Action item – The line containing "Polyester/Carboard Rectangular Baskets" marks the end: copy exactly every line from the start of the records below up to and including it, leaving out pictures.

◇ ◇ ◇ ◇

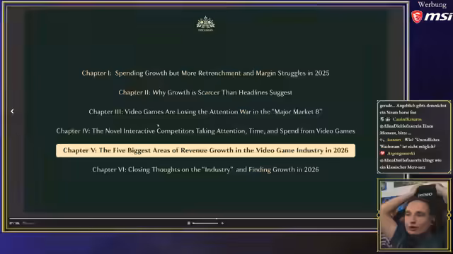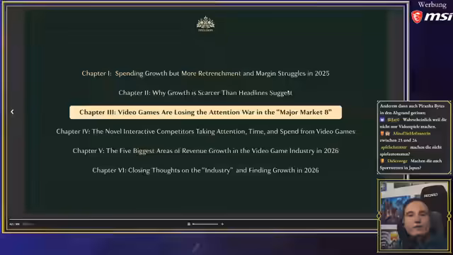 00:39:40Nach technischen Einstellungen beginnt der Stream mit der angekündigten Analyse der Gaming-Branche. Er nutzt dazu die Präsentation "State of Video Gaming in 2026" von Analyst Matthew Ball. Laut dieser hat sich der globale Markt von 1990 bis heute auf fast 200 Milliarden US-Dollar mehr als verneunfacht. Das enorme Wachstum nach der Corona-Pandemie hat sich jedoch nicht fortgesetzt, was zu massiven Kürzungen bei den Investitionen in Spieleentwicklung, Schließungen von Studios und Entlassungen von Mitarbeitern führt.
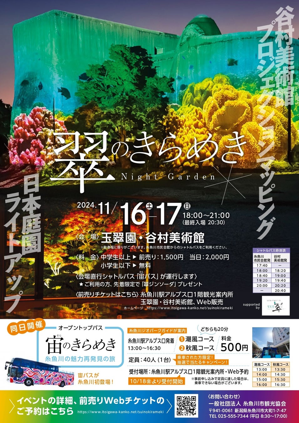 一般社団法人糸魚川市観光協会は、玉翠園・谷村美術館(新潟県糸魚川市)にて、庭園ライトアップ・プロジェクションマッピングを用いたイベント「翠のきらめき~Night Garden~」を開催します。非日常の光景が演出された景観を是非お楽しみ下さい。また、同期間の日中には糸魚川市内で初走行となるオープントップバス「宙(そら)バス」に乗車できる市内周遊ツアー「宙のきらめき」を開催します。日本海や紅葉の美しい風景を普段と違う角度からお楽しみいただけます。
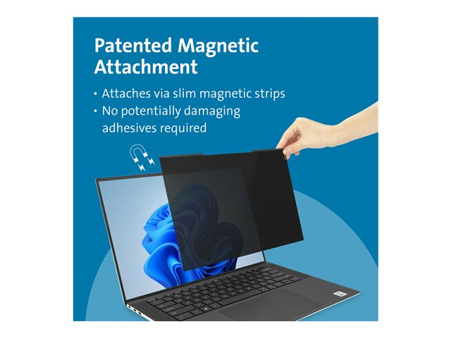 Avec son design ajusté et ses performances exceptionnelles, le filtre de confidentialité magnétique MagPro pour ordinateurs portables 16" (16:10) se fixe et se retire aisément, tout en permettant aux ordinateurs portables ultra-fins de se fermer complètement et d'entrer en veille. Réduit le champ de vision à ± 30° pour renforcer la sécurité visuelle et empêcher toute personne non autorisée de les examiner, au bureau comme dans un lieu public. Une découpe pour webcam garantit une expérience de visioconférence fluide. Grâce à la réduction de la lumière bleue, les rayons nocifs sont filtrés jusqu'à 30 %, ce qui réduit la fatigue visuelle et évite la perturbation de vos cycles de sommeil. Le filtre réversible inclut un revêtement antireflet afin d'optimiser la clarté des informations à l'écran. Le filtre est doté d'un côté mat qui réduit les reflets et les traces de doigts, tandis que le côté brillant offre une meilleure visibilité de l'écran. La fixation magnétique brevetée est pratique et évite l'utilisation d'adhésifs qui pourraient endommager l'appareil. Garantie limitée de 2 ans incluse.
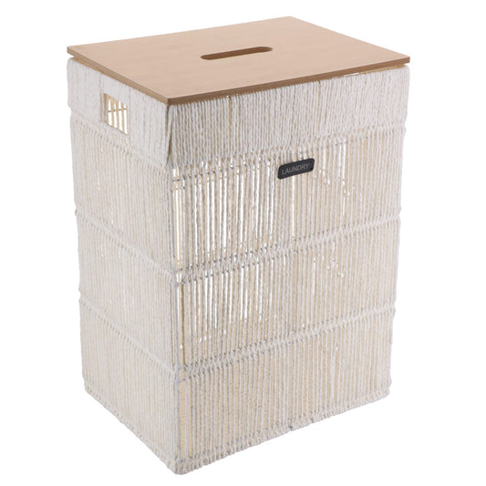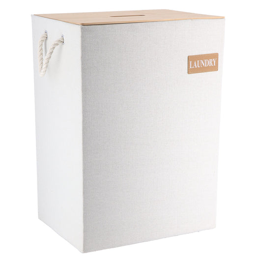 Polyester/Carboard Rectangular Baskets With Bamboo Lid, White - Various Sizes
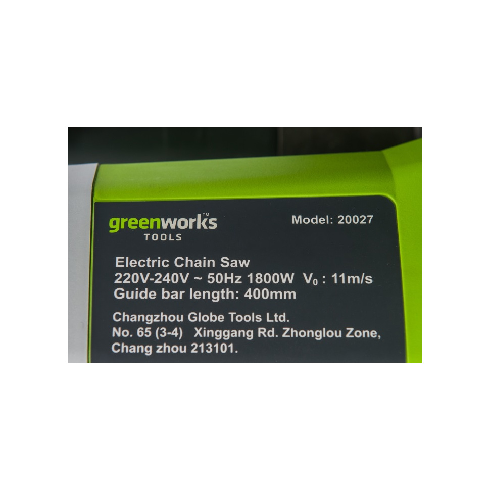 Характеристики Пила цепная электрическая Greenworks GCS1840 (20027)
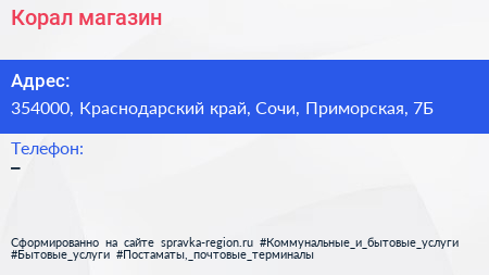 Корал, магазин по адресу 354000, Краснодарский край, Сочи, Приморская, 7Б в дальнейшем Организация, размещена в следующих категориях:
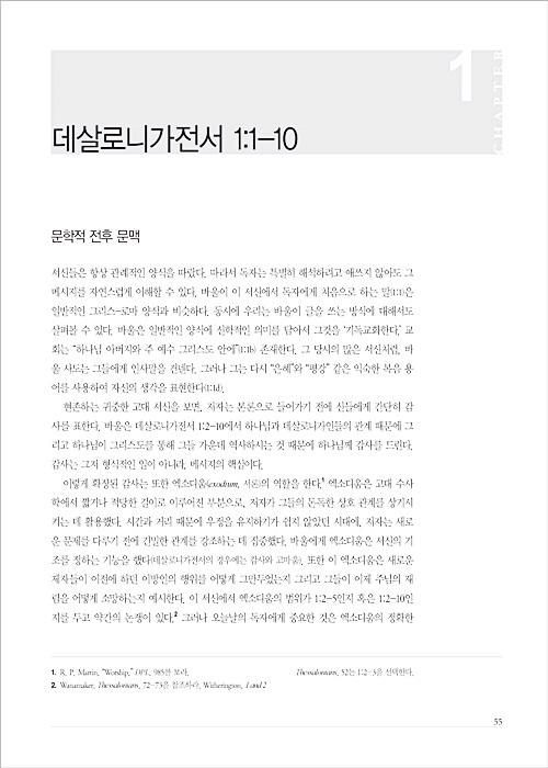 설교자가 반드시 알아야 할 전후 문맥을 잘 연구해놓은 것과 본문의 흐름을 명확하게 알 수 있도록 도표로 본문을 배열해놓은 점 그리고 헬라어에 능숙하지 않아도 충분히 의미를 이해할 수 있도록 배려한 점이 돋보인다. 만일 어느 설교자가 현존하는 우리말 주석 가운데 오직 한 권만 구입해야 한다면 나는 이 주석 시리즈가 될 것이라 확신한다. 신약을 깊고 올바르게 설교하려는 모든 설교자에게 이 시리즈를 추천한다. 설교자라면 반드시 서재에 비치하고 두고두고 보아야 할 주석이다.
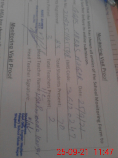 | Certified that this School was Inspected by the Undersigned MEA/DMO Today and the Information Stated Above is as Per Record. | |||||
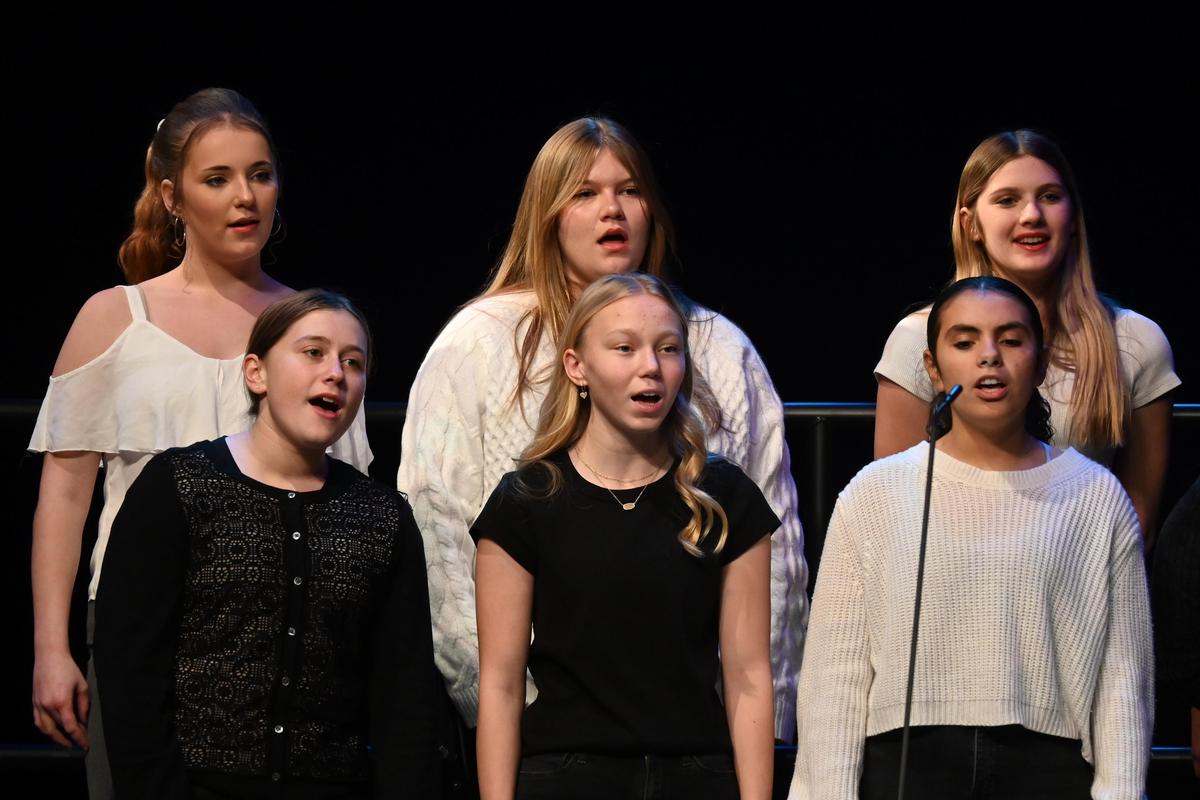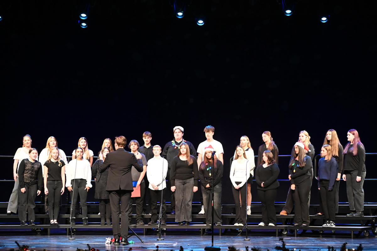 The Coaler Choir began with “One Horse Open Sleigh,” a unique take on the classic “Jingle Bells.” The group also presented “Snow on Snow” by Andy Beck with student Jaiden Leman on piano.
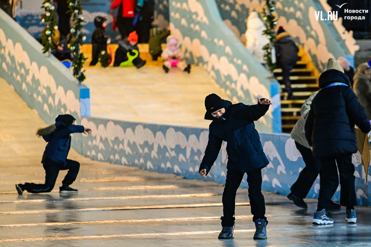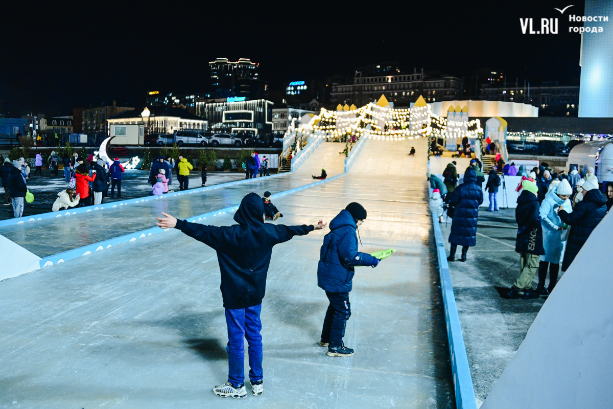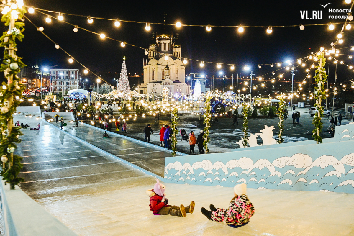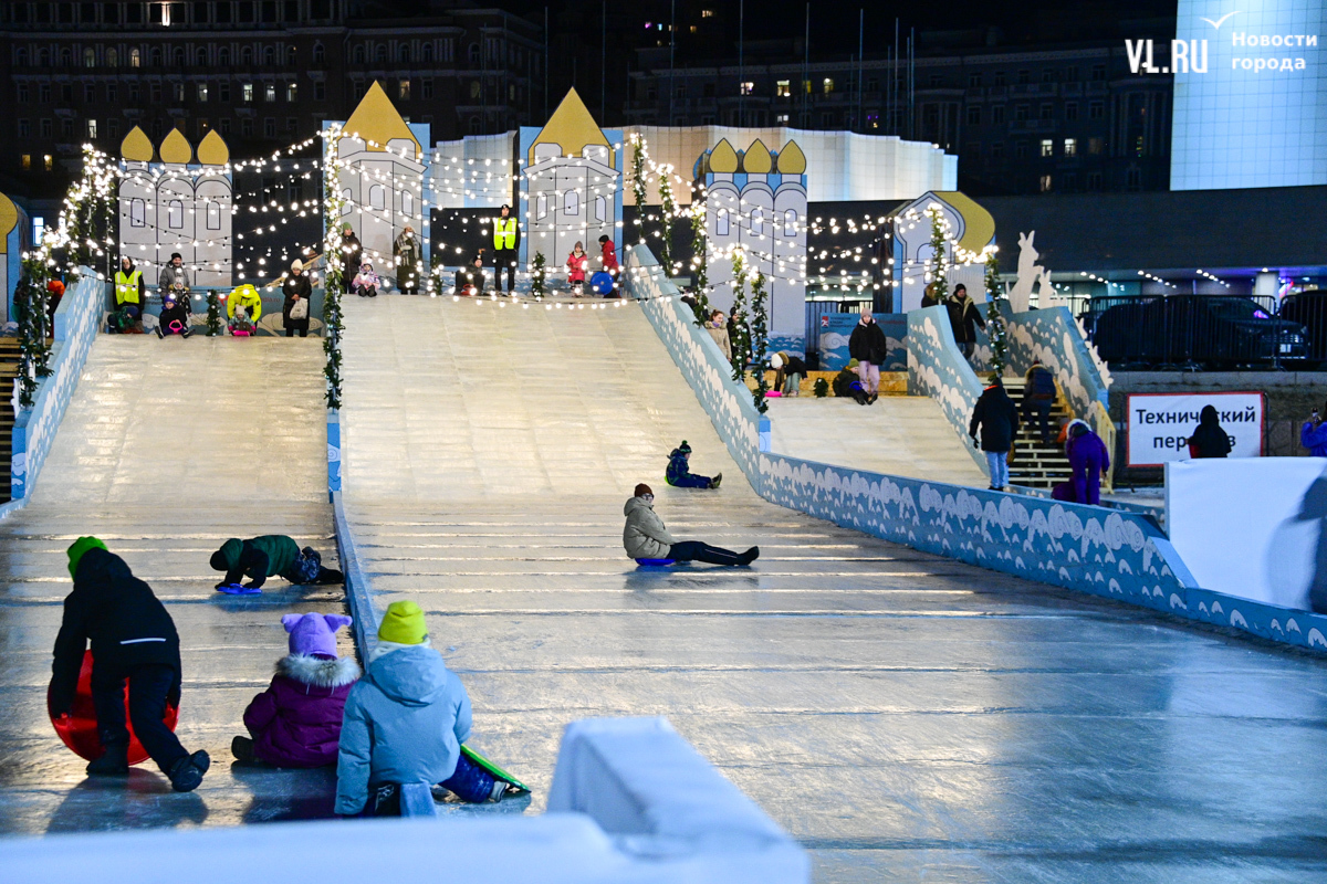 Теперь горка и каток на площади будут работать ежедневно, с техническими перерывами. Сегодня в 12:00 должно состояться техническое открытие новогоднего городка в парке Лазо, там тоже залили каток и горку, в этом году они будут тут бесплатными, как и прокат. А в пятницу в 17:00 планируется открытие самого большого городского катка – на стадионе «Авангард».

◇ ◇ ◇ ◇

Result –
 00:39:40Nach technischen Einstellungen beginnt der Stream mit der angekündigten Analyse der Gaming-Branche. Er nutzt dazu die Präsentation "State of Video Gaming in 2026" von Analyst Matthew Ball. Laut dieser hat sich der globale Markt von 1990 bis heute auf fast 200 Milliarden US-Dollar mehr als verneunfacht. Das enorme Wachstum nach der Corona-Pandemie hat sich jedoch nicht fortgesetzt, was zu massiven Kürzungen bei den Investitionen in Spieleentwicklung, Schließungen von Studios und Entlassungen von Mitarbeitern führt.
 一般社団法人糸魚川市観光協会は、玉翠園・谷村美術館(新潟県糸魚川市)にて、庭園ライトアップ・プロジェクションマッピングを用いたイベント「翠のきらめき~Night Garden~」を開催します。非日常の光景が演出された景観を是非お楽しみ下さい。また、同期間の日中には糸魚川市内で初走行となるオープントップバス「宙(そら)バス」に乗車できる市内周遊ツアー「宙のきらめき」を開催します。日本海や紅葉の美しい風景を普段と違う角度からお楽しみいただけます。
 Avec son design ajusté et ses performances exceptionnelles, le filtre de confidentialité magnétique MagPro pour ordinateurs portables 16" (16:10) se fixe et se retire aisément, tout en permettant aux ordinateurs portables ultra-fins de se fermer complètement et d'entrer en veille. Réduit le champ de vision à ± 30° pour renforcer la sécurité visuelle et empêcher toute personne non autorisée de les examiner, au bureau comme dans un lieu public. Une découpe pour webcam garantit une expérience de visioconférence fluide. Grâce à la réduction de la lumière bleue, les rayons nocifs sont filtrés jusqu'à 30 %, ce qui réduit la fatigue visuelle et évite la perturbation de vos cycles de sommeil. Le filtre réversible inclut un revêtement antireflet afin d'optimiser la clarté des informations à l'écran. Le filtre est doté d'un côté mat qui réduit les reflets et les traces de doigts, tandis que le côté brillant offre une meilleure visibilité de l'écran. La fixation magnétique brevetée est pratique et évite l'utilisation d'adhésifs qui pourraient endommager l'appareil. Garantie limitée de 2 ans incluse.
 Polyester/Carboard Rectangular Baskets With Bamboo Lid, White - Various Sizes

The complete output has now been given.